#### [DIRECTIONS FOR THIS TASK]
Please, without any pictures, set down exactly the part of the listing below that opens with the line containing "Em julho de" and closes with the line containing "Grand Champion 2019".

== Segment start ==

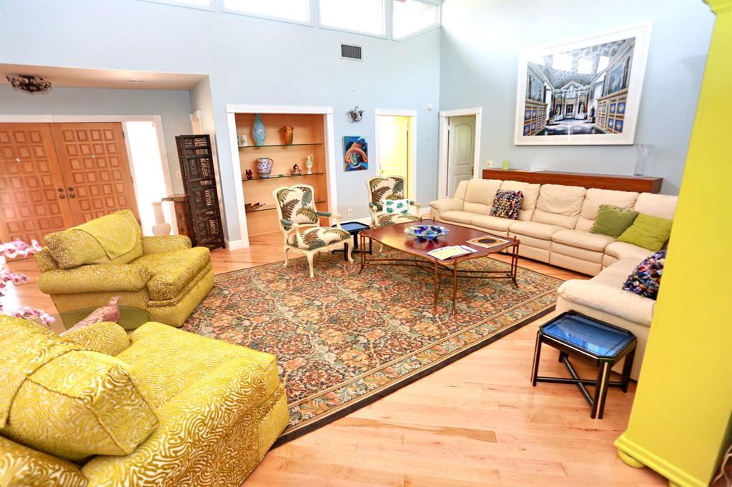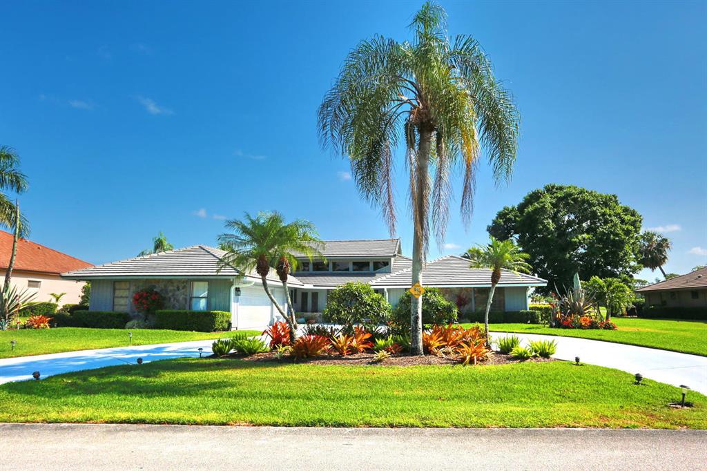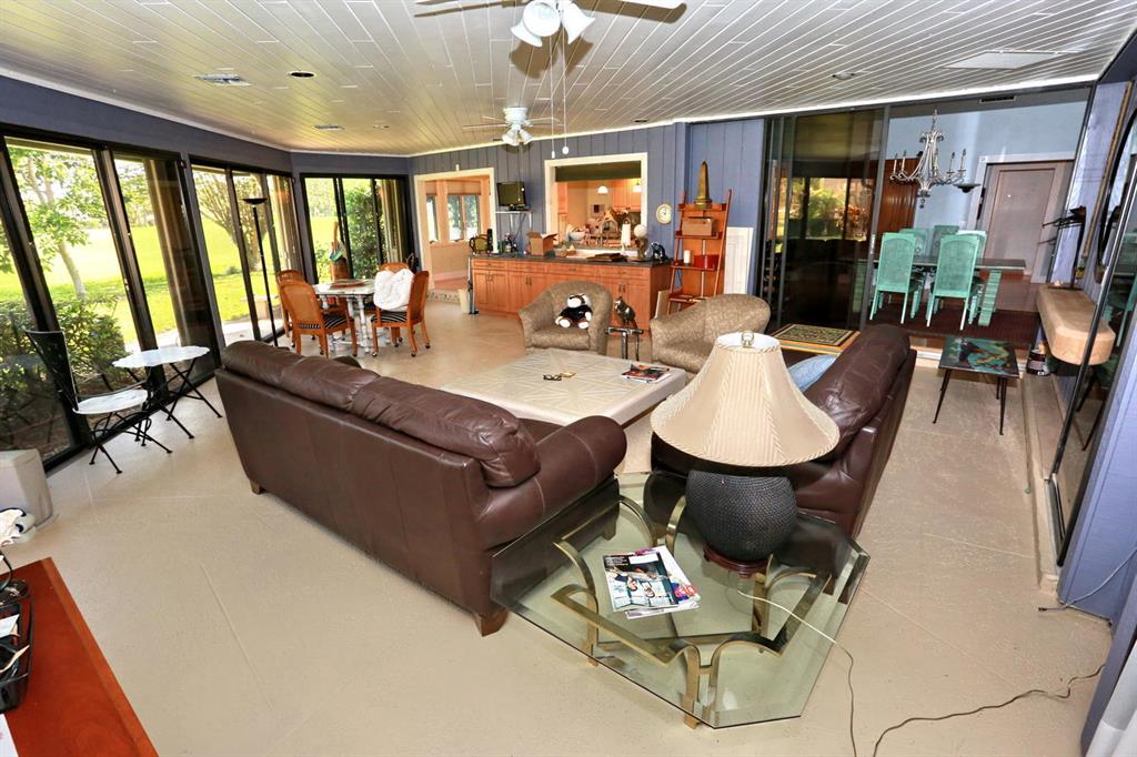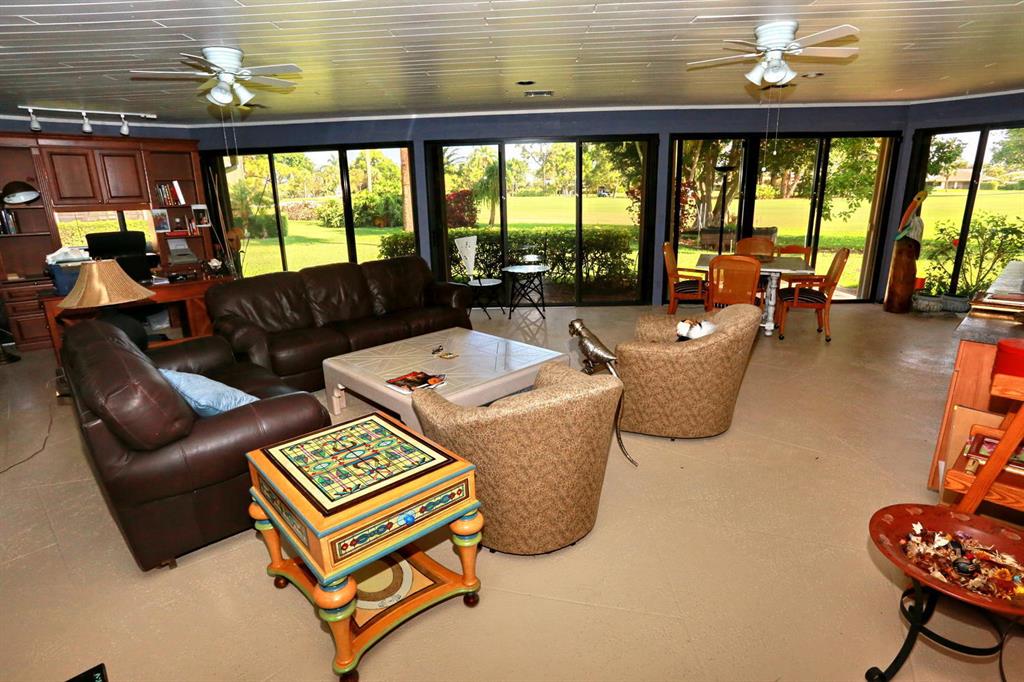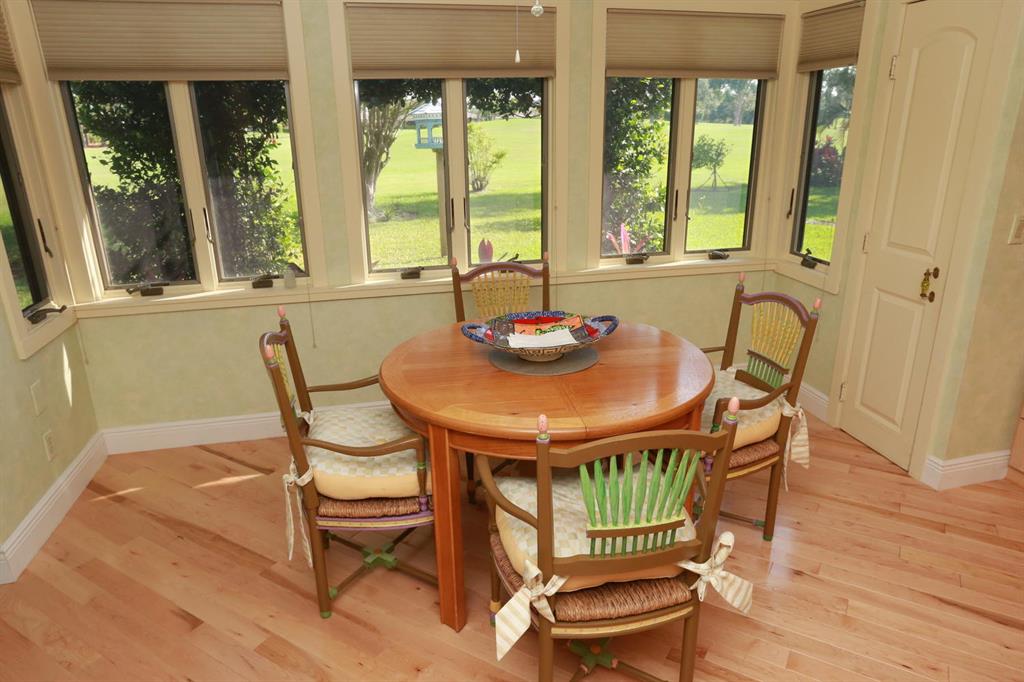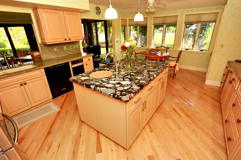 Rarely available single family home, Upgrades galore. Granite counter tops, high end wood flooring. Many accents. 3 bedrooms with den 3 full baths and 1 half bath. Beautiful bar area with mini fridge. 3 car garage. Located on the 10th and 15th fairways for panoramic views. Glass enclosed patio. A/C 2016, plumbing updated and water heater 2014. Roof 2005. Plenty of room for a pool!2 Gorgeous Clubhouses and amenities. Tennis, golf, gym, pro shop, restaurants and lounges, 2 pools.
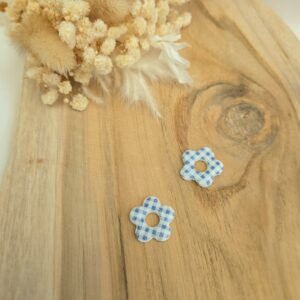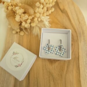 Les pampilles Léana se dévoilent ici dans une version tendre et pleine de fraîcheur, sublimées par de délicates fleurs en pâte Fimo au motif vichy délicatement dessiné. Leur imprimé à carreaux bleu et blanc évoque le charme des beaux jours, l’esprit campagne chic et la douceur d’un été ensoleillé.
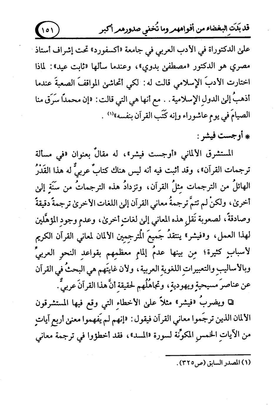 ° ويضربُ "فيشر" مثلاً على الأخطاءِ التي وقع فيها المستشرقون الألمان الذين ترجَموا معاني القرآن فيقول: "إنهم لم يَفهموا معنى أربع آياتٍ من الآياتِ الخمسِ المكوِّنة لسورة "المسد"، فقد أخطؤوا في ترجمة معاني
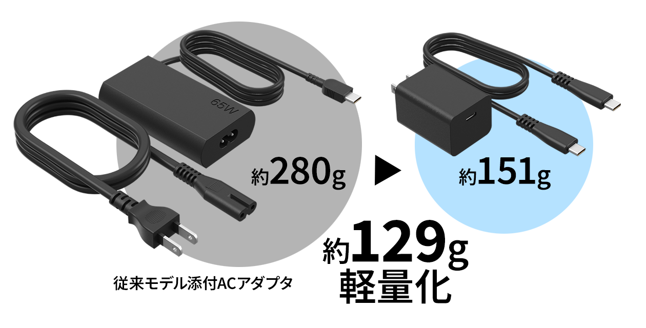 本体だけでなく、一緒に持ち歩くACアダプタも大幅に小型軽量化。従来から50%近い軽量化で、手持ちの荷物がどんどん軽くなります。
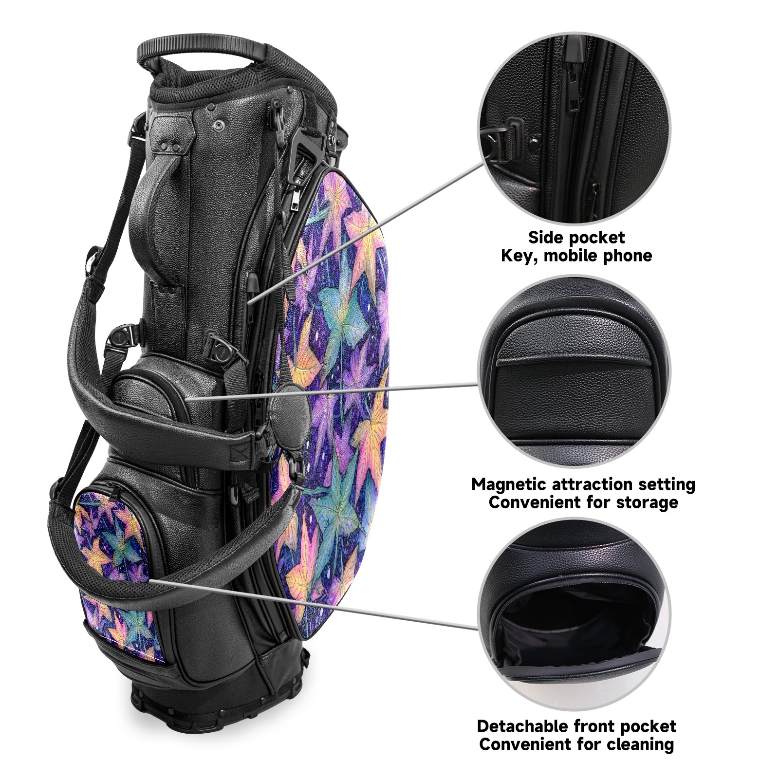 • <p>This golf bag combines versatility, durability, and quality, providing comprehensive protection and easy access for your golf clubs. Its precise dimensions of 130 x 37 x 31 cm (with rain cover) and 90 x 31 x 37 cm (without rain cover) strike the perfect balance between portability and storage capacity.The five-way head frame (with five-way top compartments) allows for strategic compartmentalization, allowing you to neatly organize your various clubs and separate them to protect them from bumps, scratches, and scuffs. Its versatile compartmental design features a spacious five-compartment structure, including a separate, full-size club compartment, to fully accommodate your clubs while protecting their integrity.This bag features a versatile storage system with multiple waterproof zippered pockets for securely storing golf accessories, as well as a dedicated insulated cooler pocket with excellent insulation to keep your drinks cold. The built-in rain cover effectively repels moisture, ensuring your clubs remain dry and protected even in wet weather. For enhanced carrying comfort, this bag features ergonomically designed, padded, breathable, adjustable shoulder straps and an adjustable chest strap to distribute shoulder pressure for easier and more comfortable carrying. A portable rear handle makes lifting and carrying easier.Quality is evident in every detail: double-stitched reinforced edges enhance structural stability, smooth and durable zippers ensure long-lasting reliability, and wear-resistant bottom rivets ensure secure placement on all terrains, effectively preventing wear and tear. Crafted from classic pebbled matte PU fabric, it perfectly complements both business and casual occasions. Available in black and white, it exudes understated elegance and sophistication.This golf bag, with its sturdy plastic base, combines premium quality and durability, making it the ideal companion for every golfer, whether heading to the course for a casual round or attending a business golf event.</p>
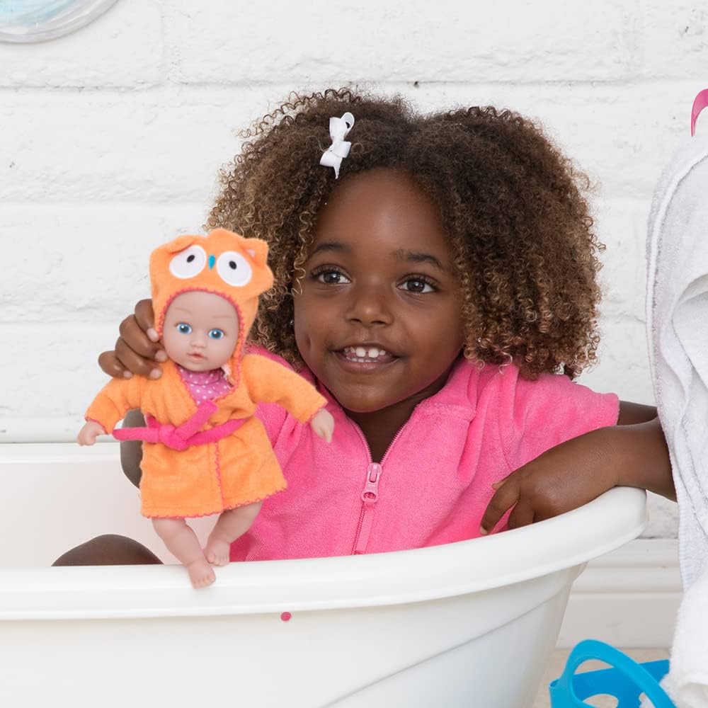Most little ones love taking a bath; it's the most fun and relaxing part of their day. But for other toddlers, bath time is not as appealing, which can cause unnecessary stress for kids and parents. This dilemma is what inspired our BathTime collection, and our goal is to make bath-time stress a thing of the past.Adora's 8.5-inch BathTime tot baby dolls are a bit smaller than our other BathTime babies, making them easy to hold while snuggling, bathing, or chasing other littles. And since they're perfectly sized for on-the-go fun, they make the best pool toy or baby bath toys, guaranteed to make tub-time more enjoyable and encourage a relaxed and playful environment. Each BathTime tot also comes with doll accessories and clothes for added value, plus these dolls double as an adorable pool toy for daytime water play! So, whether they bring their new BathTime tot to the bathtub, Grandma's house, or the grocery store, one thing's for sure- This doll is bound to become their new BFF.
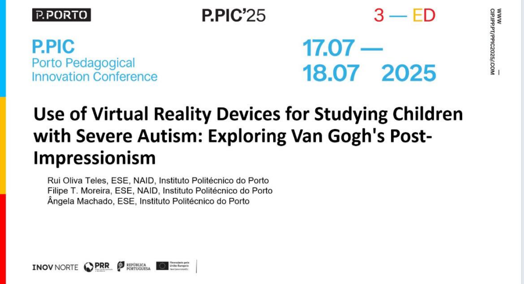 Em julho de 2025 Rui Oliva Teles e Ângela Machado apresentaram, no P.PIC’25, o trabalho “Use of VR devices for studying children with severe Autism: exploring Van Gogh’s post-impressionism“.
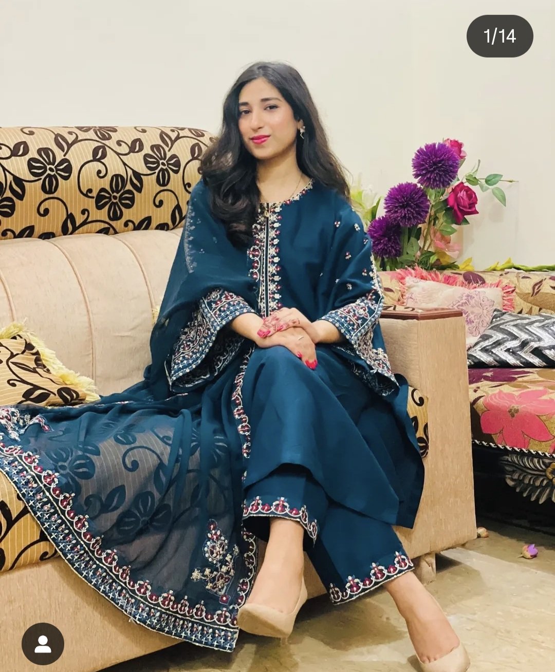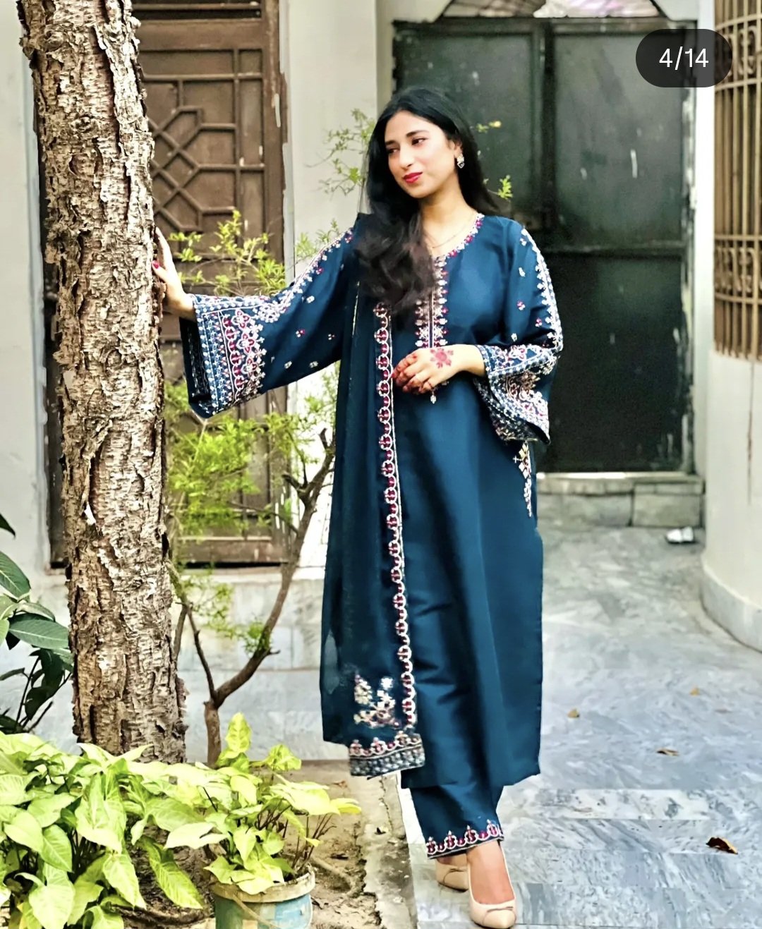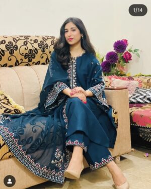3Pc Embroidered Lawn Suit with Embroidered Chiffon Dupatta.
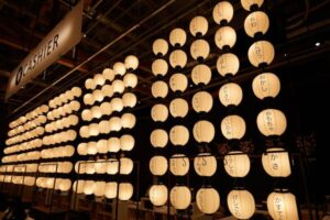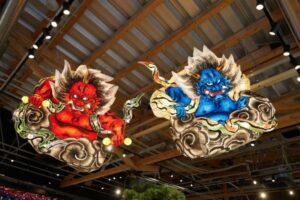 2025大阪・関西万博会場内オフィシャルストア東ゲート店では、大丸と松坂屋が創業した江戸時代に焦点を当て、「元禄時代の大店(おおたな)/EXPO2025 Ver.」をストアコンセプトに掲げ、館内には、風神・雷神をモチーフにしたねぶた装飾や提灯ウォールなど、日本の美意識と伝統を表現したデザインを取り入れました。大阪・関西ならではのユーモアを散りばめ、訪れる多くの国内外のお客様に独特の空間演出をお楽しみいただきました。その1部が、大丸梅田店の5階の大阪・関西万博オフィシャルストアにやってきます。
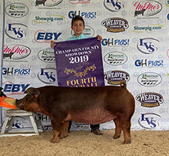 Grand Champion 2019 Calaveras County Fair Bred by WD Swine Farm Sired by Blue Tease |
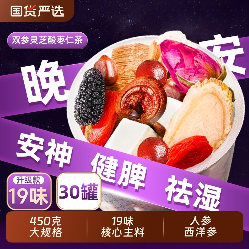 酸枣仁茯苓百合茶睡失助眠神安正品官方旗舰店人参滋补
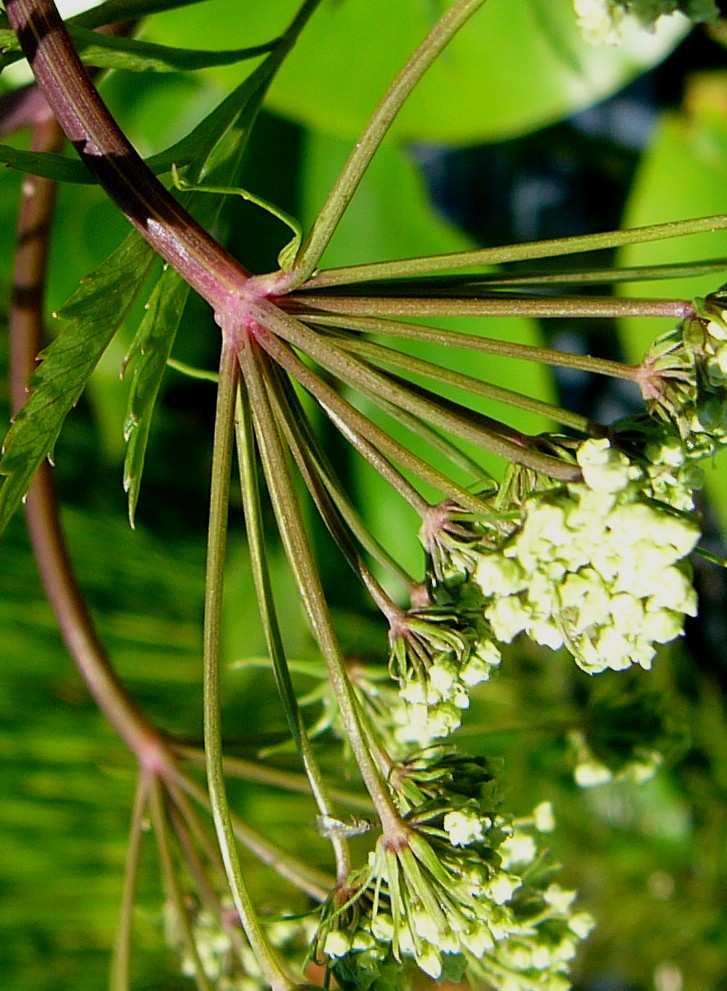Stängel kräftig, verzweigt, mit mehreren Dolden

== Segment end ==

#### [SOLUTION TO THE EXERCISE]
 Em julho de 2025 Rui Oliva Teles e Ângela Machado apresentaram, no P.PIC’25, o trabalho “Use of VR devices for studying children with severe Autism: exploring Van Gogh’s post-impressionism“.
3Pc Embroidered Lawn Suit with Embroidered Chiffon Dupatta.
 2025大阪・関西万博会場内オフィシャルストア東ゲート店では、大丸と松坂屋が創業した江戸時代に焦点を当て、「元禄時代の大店(おおたな)/EXPO2025 Ver.」をストアコンセプトに掲げ、館内には、風神・雷神をモチーフにしたねぶた装飾や提灯ウォールなど、日本の美意識と伝統を表現したデザインを取り入れました。大阪・関西ならではのユーモアを散りばめ、訪れる多くの国内外のお客様に独特の空間演出をお楽しみいただきました。その1部が、大丸梅田店の5階の大阪・関西万博オフィシャルストアにやってきます。
 Grand Champion 2019 Calaveras County Fair Bred by WD Swine Farm Sired by Blue Tease |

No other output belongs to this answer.